One week later, generic drug company Apotex contacted Watson seeking a deal for the exclusive generic Provigil rights. While Watson weighed its options, the FTC official contacted Watson’s lawyer again, indicating, as the private counsel’s formal Declaration reflects, “that Watson’s failure to waive its rights in the near term would likely cause the FTC ‘Front Office’ to initiate an investigation.”
Two months later, FTC issued a Civil Investigative Demand to Watson and subpoenaed its general counsel. In June 2009, the general counsel testified that Watson had not entered into an agreement with Cephalon. Into July 2009, Apotex continued to press Watson for a deal, indicating at one point through an email that Apotex had previously been in touch with FTC about generic Provigil. Watson’s brief alleges that after it became clear to FTC that Watson would not waive its exclusive rights, the Commission subpoenaed its CEO. Watson opposed, and the proceedings dragged on into this year, when FTC filed its court action to enforce the subpoena.
While FTC and Watson (as reflected in their briefs) certainly have a different perspective on the circumstances and the law, Watson does point out in its reply to FTC’s reply memorandum that FTC didn’t refute numerous allegations Watson made in its initial brief. FTC dismissed as “collateral” such matters as the Commission’s potentially unlawful sharing of FDA-provided information with competitor Apotex, even though Watson argued “these events were central to the FTC’s attempts to coerce Watson.” In order to solidify its argument that FTC is, in the words of the U.S. Supreme Court, pursuing subpoena enforcement for an “improper purpose,” Watson seeks a court order compelling discovery from the Commission.

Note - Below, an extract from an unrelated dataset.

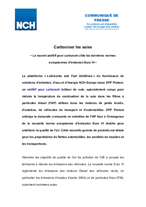 La plateforme " Lubricants and Fuel Additives " du fournisseur de solutions d'entretien, d'eau et d'énergie NCH Europe lance DPF Protect, un additif pour carburant brûleur de suie, spécialement conçu pour réduire la température de combustion de la suie dans les filtres à particules diesel (FAP) utilisés dans les moteurs de poids lourds, d'autobus, de véhicules de transport et d'automobiles.

The allegations Watson makes about FTC’s conduct, and the actions of its senior staffer, certainly merit further investigation, not only by Watson, but perhaps by those with oversight responsibilities in the legislative and executive branches. It’s one thing for the Commission to pursue its view of antitrust law in court or offer its opinions to Congress; it’s an entirely different matter if FTC uses its substantial authority to dictate a market outcome which may not even be in the interests of the consumers the Commission is empowered to protect.